Task prompt: Reproduce the records precisely. Omit every picture.

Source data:
*** Block opens ***

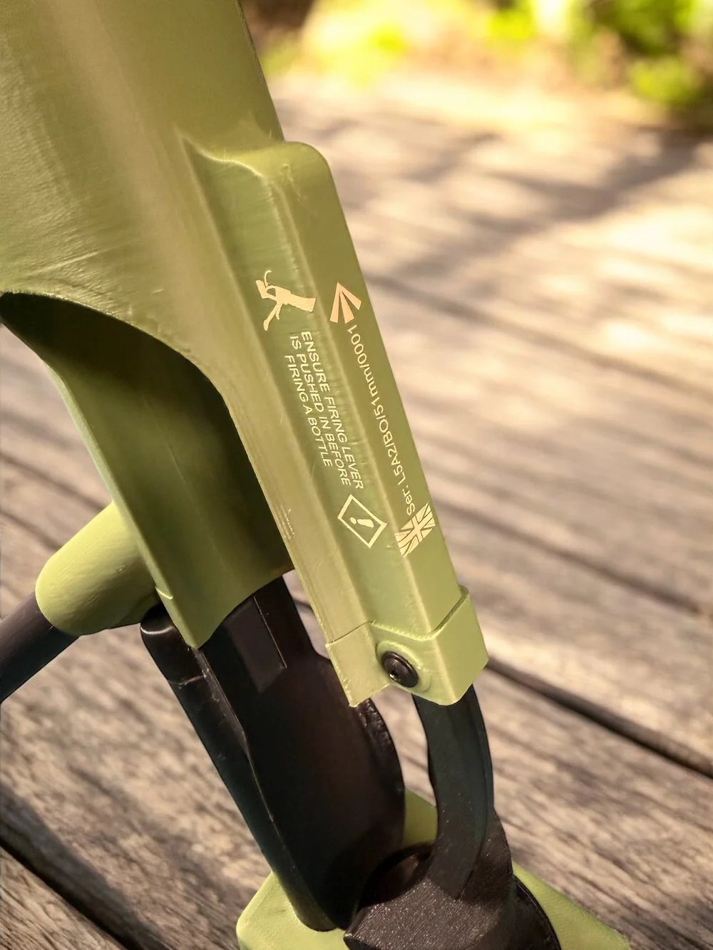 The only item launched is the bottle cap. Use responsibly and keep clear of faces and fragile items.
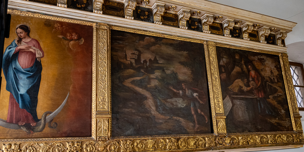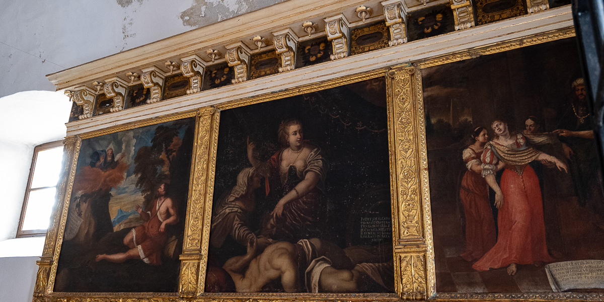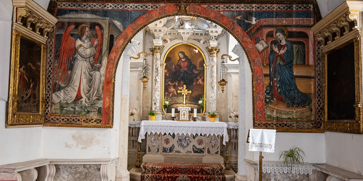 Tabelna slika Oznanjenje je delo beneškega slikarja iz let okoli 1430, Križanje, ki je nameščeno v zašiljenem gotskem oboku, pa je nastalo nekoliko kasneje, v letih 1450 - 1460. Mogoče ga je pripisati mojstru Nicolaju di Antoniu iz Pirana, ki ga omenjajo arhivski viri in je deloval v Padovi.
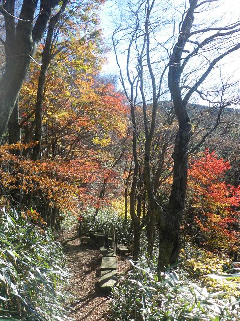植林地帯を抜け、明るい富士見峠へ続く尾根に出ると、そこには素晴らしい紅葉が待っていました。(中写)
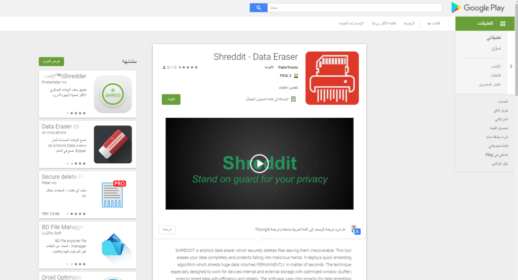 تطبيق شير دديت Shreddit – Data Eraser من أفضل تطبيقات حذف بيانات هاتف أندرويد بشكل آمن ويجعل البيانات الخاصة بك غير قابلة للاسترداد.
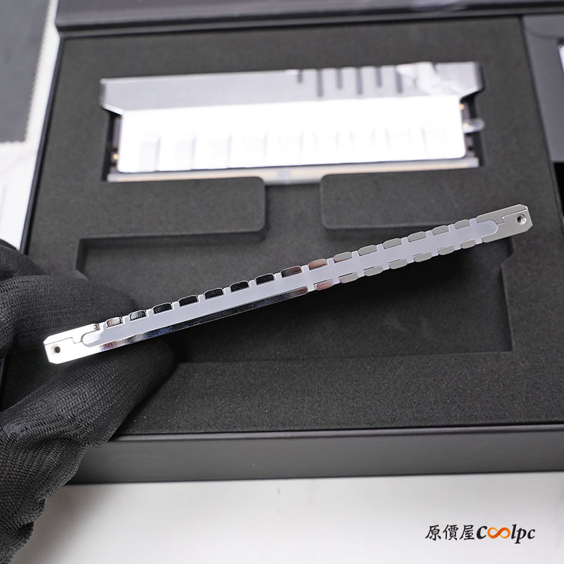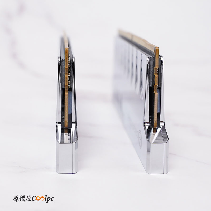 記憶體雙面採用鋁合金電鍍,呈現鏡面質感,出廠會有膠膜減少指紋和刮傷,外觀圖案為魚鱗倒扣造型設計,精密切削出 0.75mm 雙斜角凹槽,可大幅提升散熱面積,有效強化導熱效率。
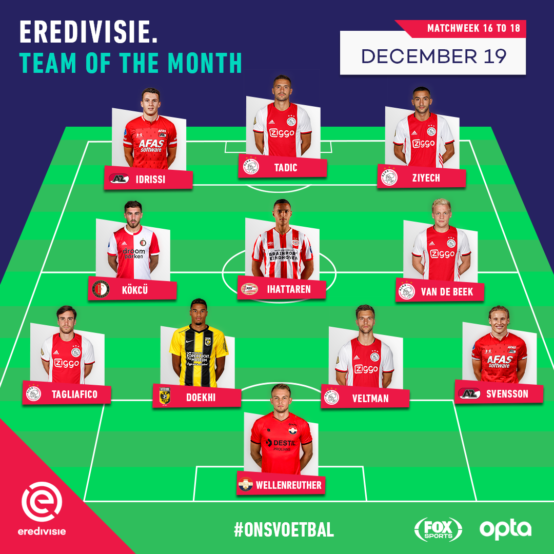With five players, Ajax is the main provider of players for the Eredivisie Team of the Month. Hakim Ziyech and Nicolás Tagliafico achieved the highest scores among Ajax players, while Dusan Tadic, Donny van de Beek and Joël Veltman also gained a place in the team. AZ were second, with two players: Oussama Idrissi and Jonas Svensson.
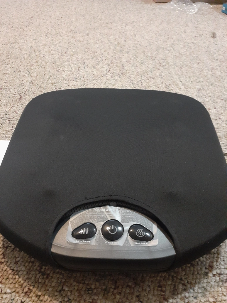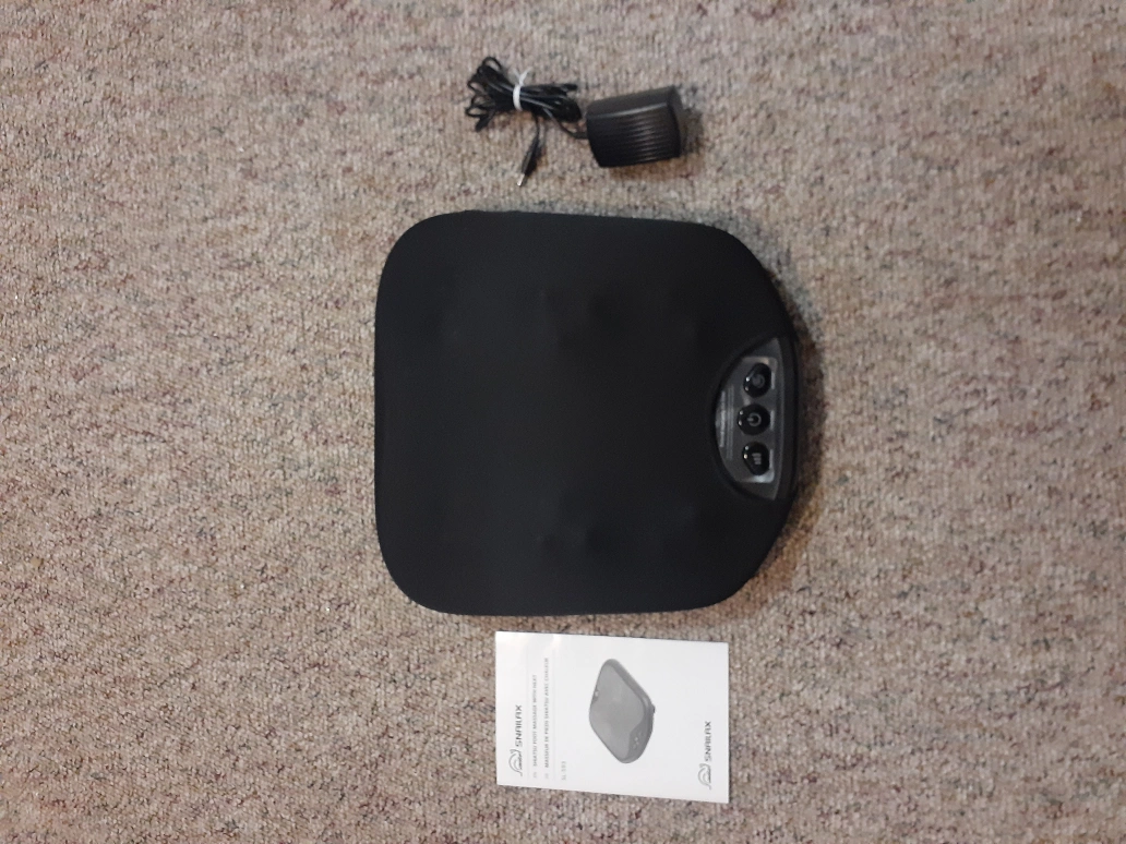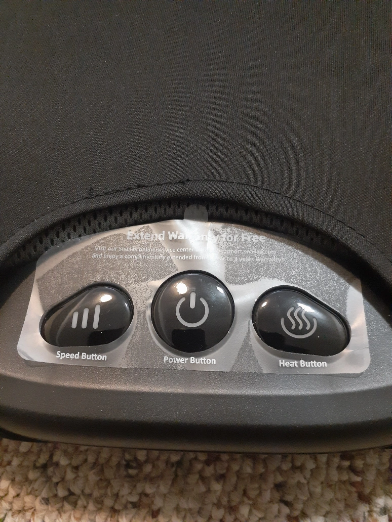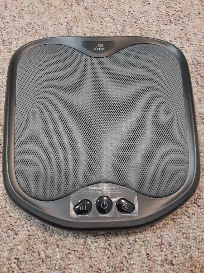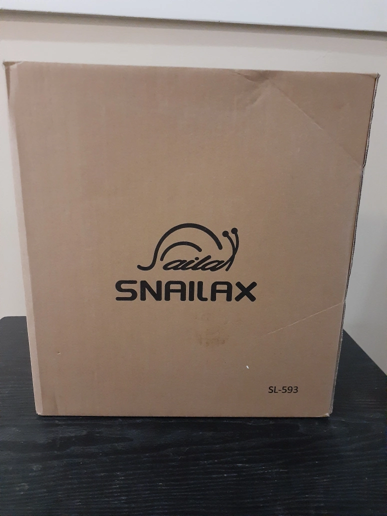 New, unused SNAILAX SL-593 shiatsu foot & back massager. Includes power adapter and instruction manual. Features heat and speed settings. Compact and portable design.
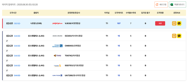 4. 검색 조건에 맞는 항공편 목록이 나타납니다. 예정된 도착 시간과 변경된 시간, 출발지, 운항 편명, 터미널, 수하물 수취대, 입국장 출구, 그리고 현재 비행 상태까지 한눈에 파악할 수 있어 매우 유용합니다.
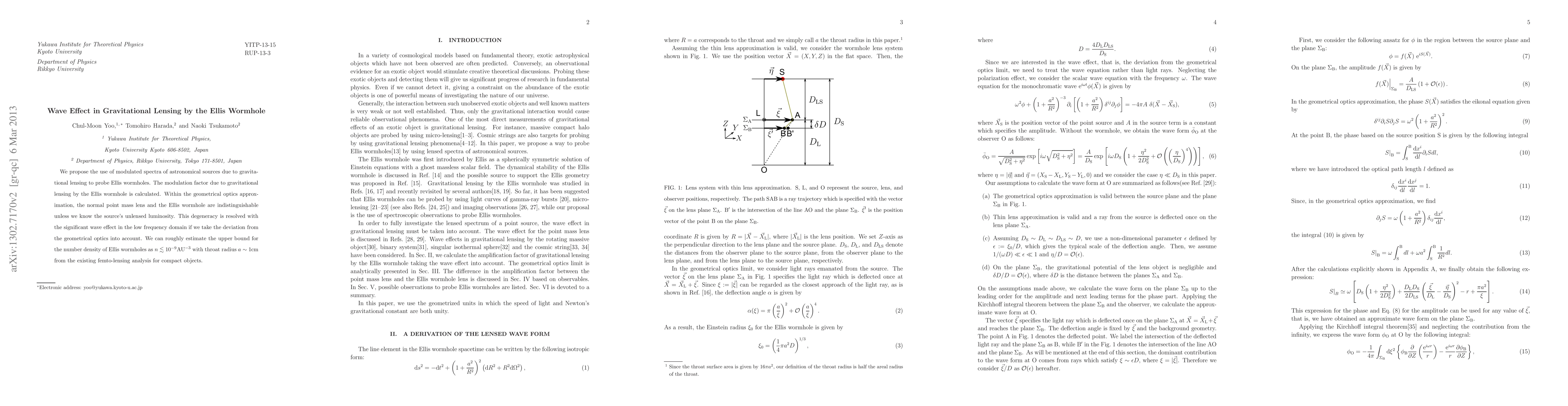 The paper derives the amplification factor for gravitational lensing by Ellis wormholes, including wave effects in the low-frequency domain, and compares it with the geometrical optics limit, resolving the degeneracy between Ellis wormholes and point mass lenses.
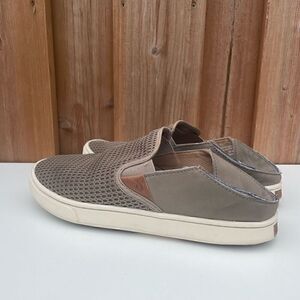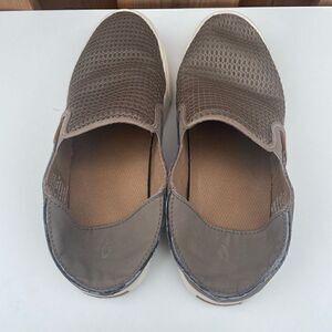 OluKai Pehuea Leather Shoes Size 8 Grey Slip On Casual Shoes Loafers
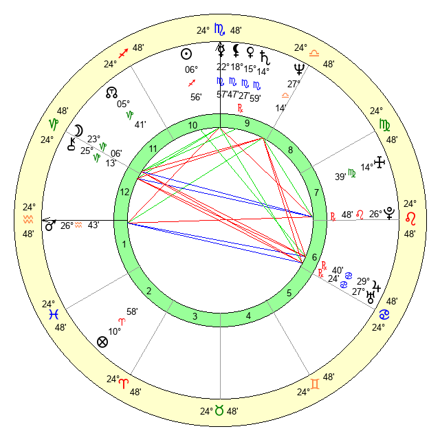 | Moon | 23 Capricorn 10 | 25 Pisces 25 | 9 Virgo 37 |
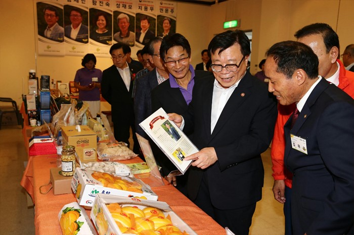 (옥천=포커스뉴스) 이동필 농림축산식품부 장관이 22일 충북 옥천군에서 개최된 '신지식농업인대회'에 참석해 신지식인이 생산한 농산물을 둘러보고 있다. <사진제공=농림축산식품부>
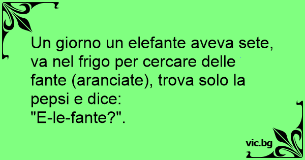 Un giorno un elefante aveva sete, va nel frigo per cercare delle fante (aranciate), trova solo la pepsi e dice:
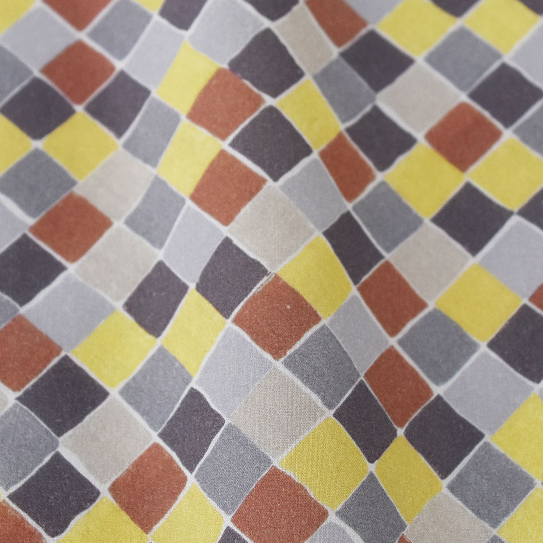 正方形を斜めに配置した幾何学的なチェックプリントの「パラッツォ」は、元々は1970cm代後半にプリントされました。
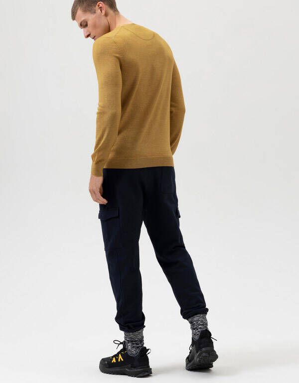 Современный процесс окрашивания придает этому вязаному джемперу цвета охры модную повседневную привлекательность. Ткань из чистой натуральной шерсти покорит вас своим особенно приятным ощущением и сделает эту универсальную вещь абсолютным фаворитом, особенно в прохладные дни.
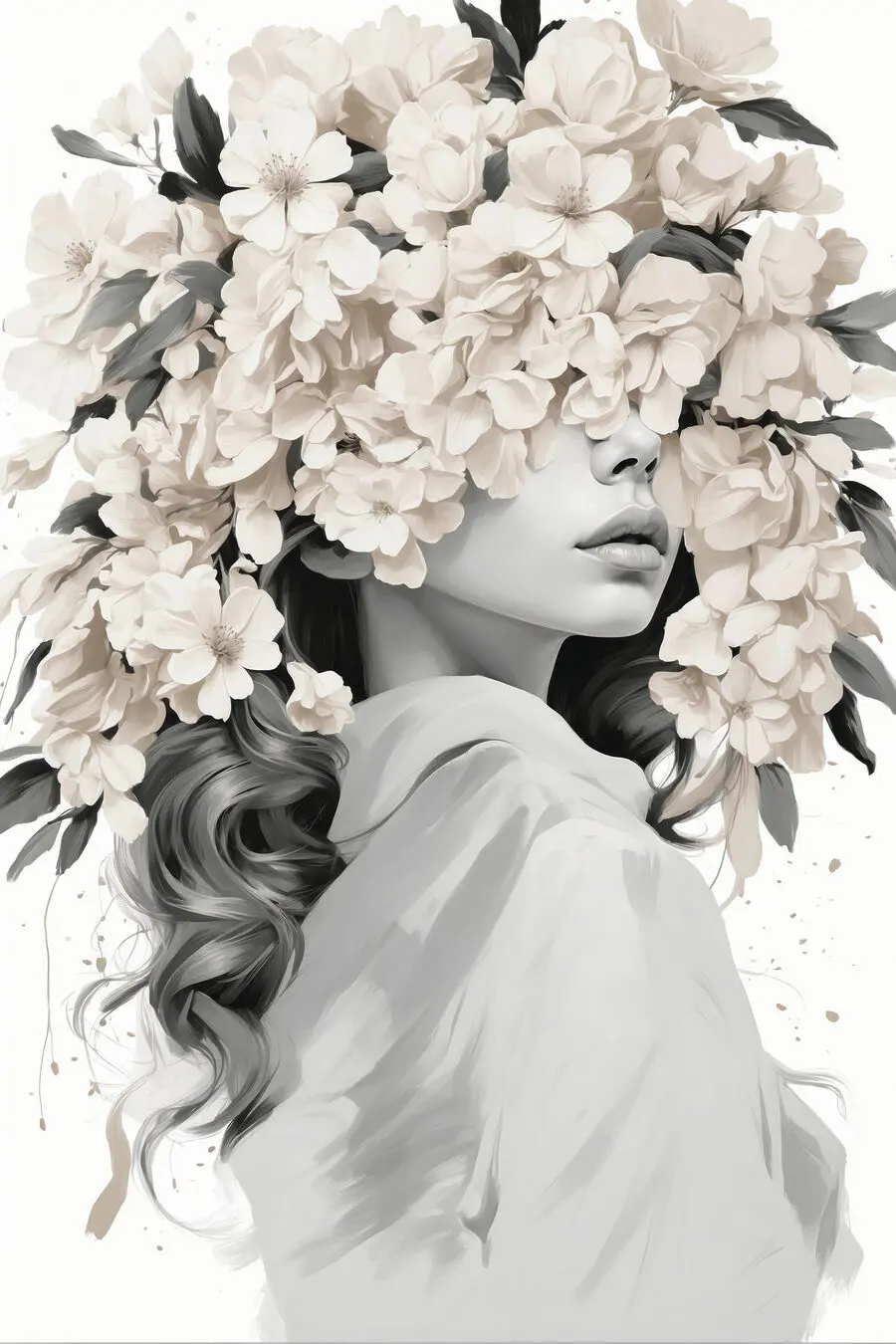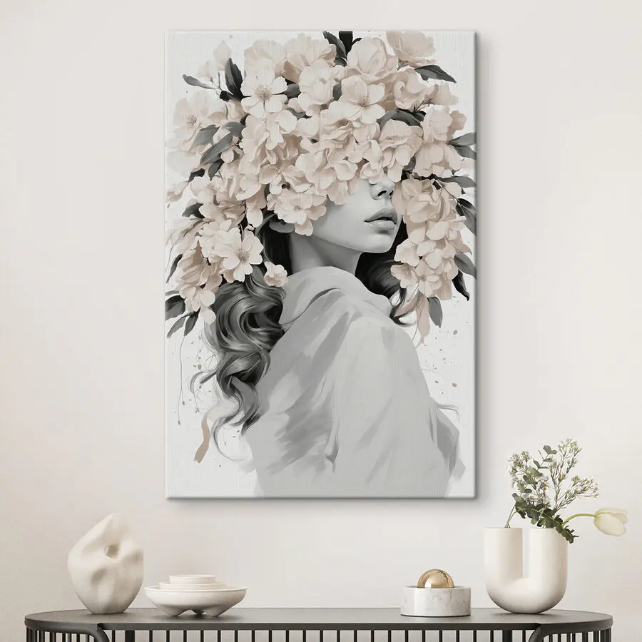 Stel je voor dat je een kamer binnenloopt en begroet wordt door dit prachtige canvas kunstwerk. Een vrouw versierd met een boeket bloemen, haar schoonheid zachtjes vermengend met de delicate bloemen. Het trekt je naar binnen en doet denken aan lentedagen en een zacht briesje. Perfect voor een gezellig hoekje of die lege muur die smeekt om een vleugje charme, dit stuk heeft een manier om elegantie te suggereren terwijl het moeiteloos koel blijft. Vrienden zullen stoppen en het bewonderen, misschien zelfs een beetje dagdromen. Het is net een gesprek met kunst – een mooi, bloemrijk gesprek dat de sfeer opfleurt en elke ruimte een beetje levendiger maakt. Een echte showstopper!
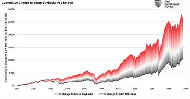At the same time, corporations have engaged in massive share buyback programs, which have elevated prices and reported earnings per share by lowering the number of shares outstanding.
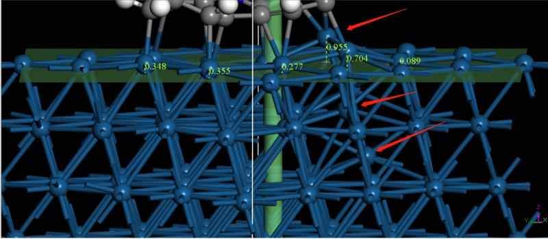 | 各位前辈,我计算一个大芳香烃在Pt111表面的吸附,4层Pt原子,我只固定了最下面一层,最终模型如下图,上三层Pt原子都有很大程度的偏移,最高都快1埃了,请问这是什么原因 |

*** Block closes ***

Answer to the problem:
 The only item launched is the bottle cap. Use responsibly and keep clear of faces and fragile items.
 Tabelna slika Oznanjenje je delo beneškega slikarja iz let okoli 1430, Križanje, ki je nameščeno v zašiljenem gotskem oboku, pa je nastalo nekoliko kasneje, v letih 1450 - 1460. Mogoče ga je pripisati mojstru Nicolaju di Antoniu iz Pirana, ki ga omenjajo arhivski viri in je deloval v Padovi.
植林地帯を抜け、明るい富士見峠へ続く尾根に出ると、そこには素晴らしい紅葉が待っていました。(中写)
 تطبيق شير دديت Shreddit – Data Eraser من أفضل تطبيقات حذف بيانات هاتف أندرويد بشكل آمن ويجعل البيانات الخاصة بك غير قابلة للاسترداد.
 記憶體雙面採用鋁合金電鍍,呈現鏡面質感,出廠會有膠膜減少指紋和刮傷,外觀圖案為魚鱗倒扣造型設計,精密切削出 0.75mm 雙斜角凹槽,可大幅提升散熱面積,有效強化導熱效率。
With five players, Ajax is the main provider of players for the Eredivisie Team of the Month. Hakim Ziyech and Nicolás Tagliafico achieved the highest scores among Ajax players, while Dusan Tadic, Donny van de Beek and Joël Veltman also gained a place in the team. AZ were second, with two players: Oussama Idrissi and Jonas Svensson.
 New, unused SNAILAX SL-593 shiatsu foot & back massager. Includes power adapter and instruction manual. Features heat and speed settings. Compact and portable design.
 4. 검색 조건에 맞는 항공편 목록이 나타납니다. 예정된 도착 시간과 변경된 시간, 출발지, 운항 편명, 터미널, 수하물 수취대, 입국장 출구, 그리고 현재 비행 상태까지 한눈에 파악할 수 있어 매우 유용합니다.
 The paper derives the amplification factor for gravitational lensing by Ellis wormholes, including wave effects in the low-frequency domain, and compares it with the geometrical optics limit, resolving the degeneracy between Ellis wormholes and point mass lenses.
 OluKai Pehuea Leather Shoes Size 8 Grey Slip On Casual Shoes Loafers
 | Moon | 23 Capricorn 10 | 25 Pisces 25 | 9 Virgo 37 |
 (옥천=포커스뉴스) 이동필 농림축산식품부 장관이 22일 충북 옥천군에서 개최된 '신지식농업인대회'에 참석해 신지식인이 생산한 농산물을 둘러보고 있다. <사진제공=농림축산식품부>
 Un giorno un elefante aveva sete, va nel frigo per cercare delle fante (aranciate), trova solo la pepsi e dice:
 正方形を斜めに配置した幾何学的なチェックプリントの「パラッツォ」は、元々は1970cm代後半にプリントされました。
 Современный процесс окрашивания придает этому вязаному джемперу цвета охры модную повседневную привлекательность. Ткань из чистой натуральной шерсти покорит вас своим особенно приятным ощущением и сделает эту универсальную вещь абсолютным фаворитом, особенно в прохладные дни.
 Stel je voor dat je een kamer binnenloopt en begroet wordt door dit prachtige canvas kunstwerk. Een vrouw versierd met een boeket bloemen, haar schoonheid zachtjes vermengend met de delicate bloemen. Het trekt je naar binnen en doet denken aan lentedagen en een zacht briesje. Perfect voor een gezellig hoekje of die lege muur die smeekt om een vleugje charme, dit stuk heeft een manier om elegantie te suggereren terwijl het moeiteloos koel blijft. Vrienden zullen stoppen en het bewonderen, misschien zelfs een beetje dagdromen. Het is net een gesprek met kunst – een mooi, bloemrijk gesprek dat de sfeer opfleurt en elke ruimte een beetje levendiger maakt. Een echte showstopper!
At the same time, corporations have engaged in massive share buyback programs, which have elevated prices and reported earnings per share by lowering the number of shares outstanding.
 | 各位前辈,我计算一个大芳香烃在Pt111表面的吸附,4层Pt原子,我只固定了最下面一层,最终模型如下图,上三层Pt原子都有很大程度的偏移,最高都快1埃了,请问这是什么原因 |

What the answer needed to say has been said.